North Korea has been identified as the origin of a recent series of cyber attacks. In addition to the countless missiles recently launched in North Korea, this new threat has been detected. On Wednesday, U.S. authorities focused on North Korea as the origin of the widespread cyber attack that overwhelmed government Web sites in the United States and South Korea. The identity of the actual attackers, may take a significant time to determine.
Over the July 4th holiday, Treasury Department and Federal Trade Commission web sites were shut down by the software attack. Web sites, such as the Pentagon and the White House, were unaffected by the attack.
These attacks came only days before a similar attack on South Korea websites. While the origin of the attacks has been traced to North Korea, officials warn that it does not necessarily mean that the North Korean government was involved.
Intelligence officials in South Korean have identified North Korea as a suspect in those attacks and said that the sophistication of the assault suggested it was carried out at a higher level that just rogue or individual hackers. However, U.S. officials publicly declined to discuss who may have instigated the intrusion or how it was done.
In recent years, the National Security Agency, Department of Homeland Security, the State Department, the Nasdaq stock market and The Washington Post, have all been victims of similar attacks.
Cyber assault experts have said that this most recent incident underscores the shortcomings in the U.S. government's efforts to protect its agencies against Web-based attacks.
James Lewis, a senior fellow at the Center for Strategic and International Studies, said that “the fact that both the White House and Defense Department were attacked but didn't go down points to the need for coordinated government network defenses.” Lewis says that the success of the two departments, “says that they were ready and the other guys weren't ready."

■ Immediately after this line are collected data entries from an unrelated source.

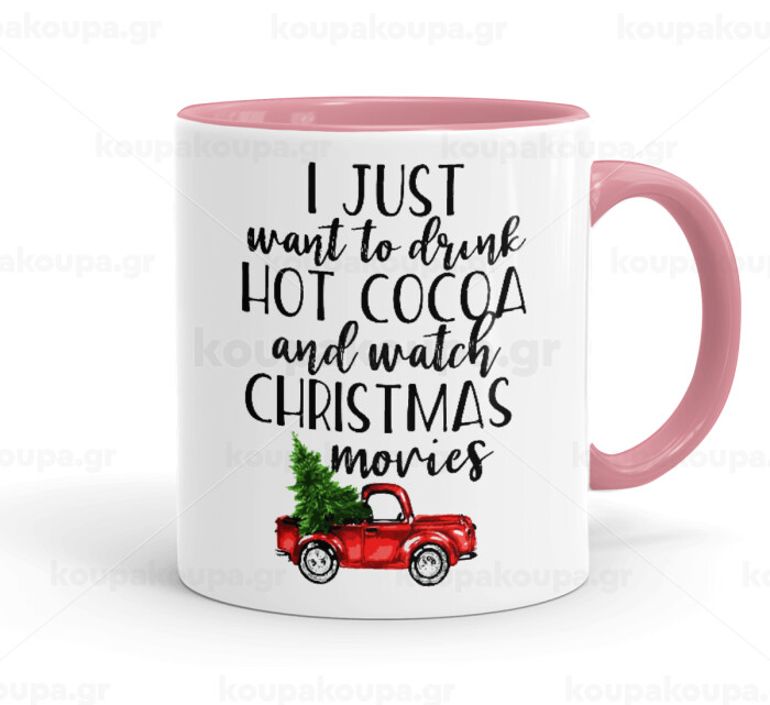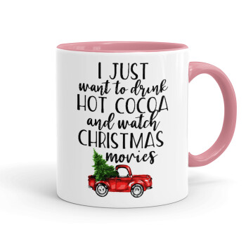 I just want to drink hot cocoa and watch christmas movies pickup car, Κούπα χρωματιστή ροζ, κεραμική, 330ml
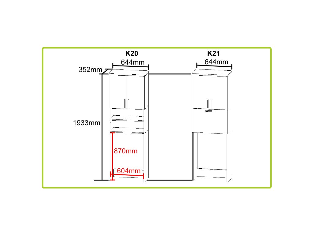 Vysoká kúpeľňová skrinka nad práčku K21
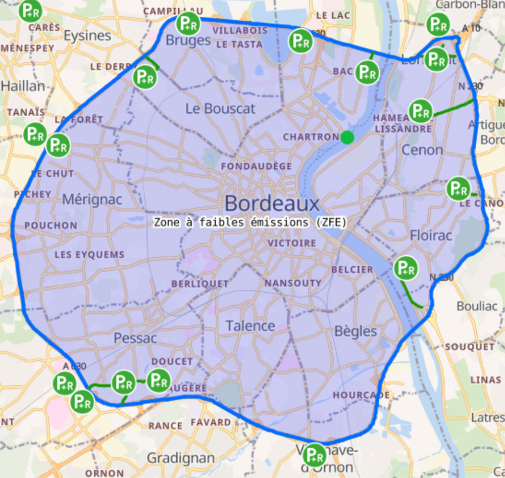 La carte ci-dessous illustre les zones concernées par la ZFE à Bordeaux Métropole.
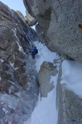 Zaradi močnega vetra je v stenah veliko napihanega snega, zato sva v
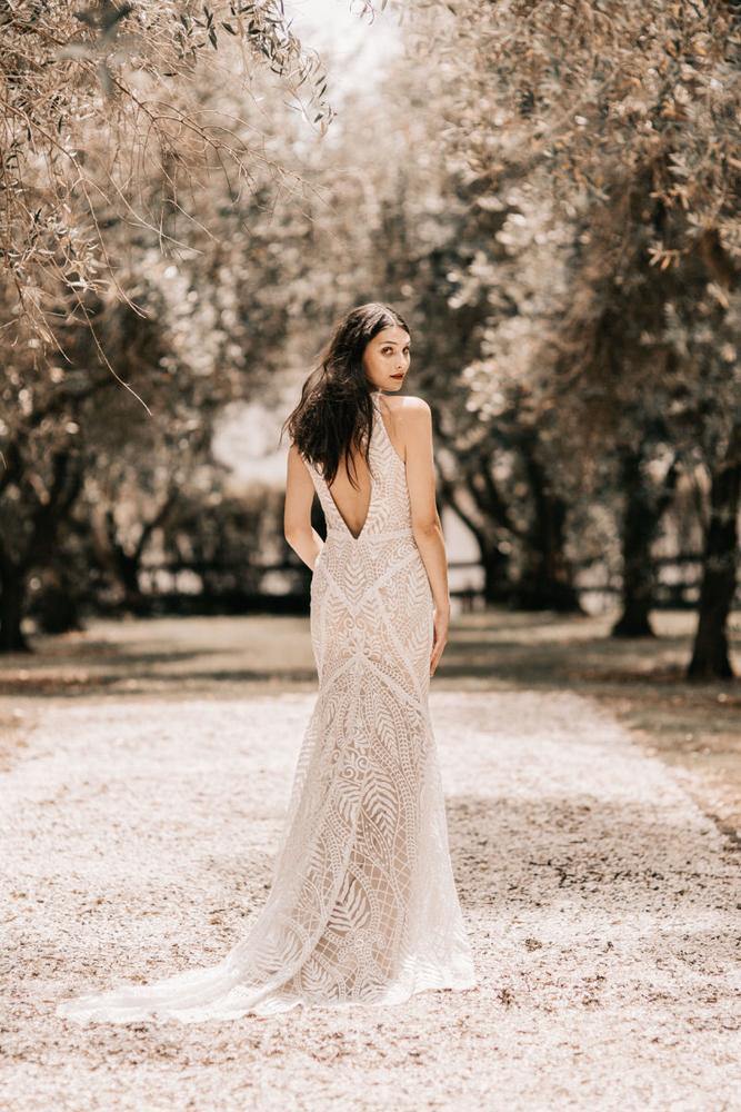 Structured seams featured around the waist, and through the skirt, elongates the figure for a flattering effect. The unique cotton lace is contrasted beautifully with a nude lining to ensure that every detail is visible. A low open back and flared skirt work to accentuate the feminine energy that radiates from this gown.
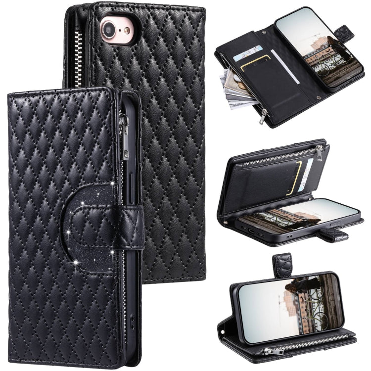 Estuche de Cuero para iPhone 7/8/Se 2022 con Billetera, Cremallera y Celosía con Purpurina (Negro)
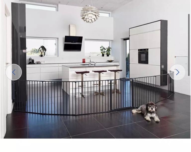 Metal Pet Pen with extra wide door section for easy access. Very easy to build and take down. All you need for the puppy pen is included in the box. The pen can be used as a room divider or safety gate covering 350cm. Wall fittings are included. Includes 5 sections including door section. Tested and approved EN12227:2010. Made in Denmark.

The cyber assaults that took down several government websites are known as "denial of service" attacks. These attacks against Web sites are caused when sites are overloaded with Internet traffic to the point that they are effectively taken off-line.
The day after the US sites were attacked, similar South Korean Web sites were added. Joe Stewart, director of malware research for the counterthreat unit of SecureWorks Inc. said, "It seems to me they thought the first round wasn't successful ... they felt they weren't getting enough attention because nobody was talking about their attacks."

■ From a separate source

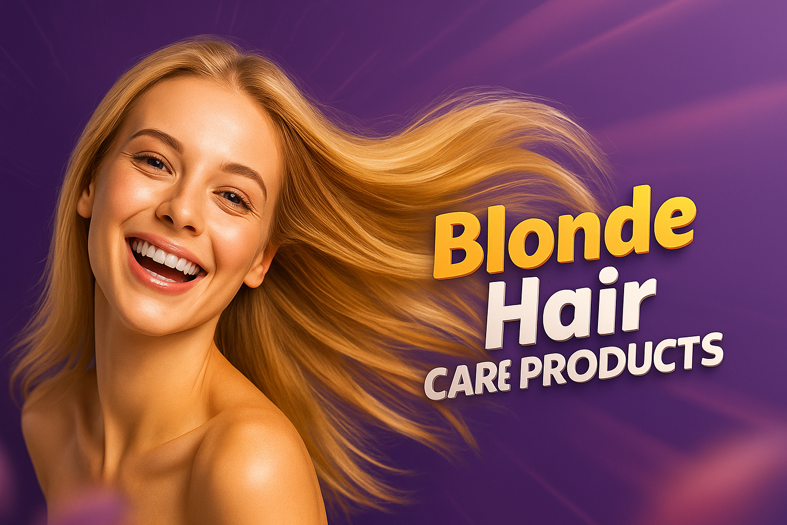 Dynamic Blonde Hair Care Products Banner with Smiling Woman

The cyber assault on the White House site had "absolutely no effect on the White House's day-to-day operations," said spokesman Nick Shapiro. He said that preventive measures kept whitehouse.gov stable and available to the general public.
Shapiro was quick to state that all federal Web sites were back up and running. A State Department spokesman said the agency's site was up but still experiencing problems. A Web site for the U.S. Secret Service had experienced access problems but did not crash, the agency's spokesman said.
The cyber attack did not appear, at least at the outset, to target internal or classified files or systems, but instead aimed at agencies' public sites, creating a nuisance both for officials and the Web consumers who use them.
Dale Meyerrose, former chief information officer for the U.S. intelligence community, said that at least one of the federal agency Web sites got saturated with as many as 1 million hits per second per attack - amounting to 4 billion Internet hits at once.
The widespread attack was "loud and clumsy," which suggests it was carried out by an unsophisticated organization, said Amit Yoran, chief executive at NetWitness Corp. and the former U.S. government cybersecurity chief. "This is not the elegance we would expect from sophisticated adversaries."
Officials agreed, however, that the incident brings to the forefront a key 21st century threat.
"It tells you that cyber attacks are real. It's a very serious problem and one of the more serious facing us, along with terrorism, and China and Russia are the main threats," said Rep. Dutch Ruppersburger, D-Md., who was briefed on the incident.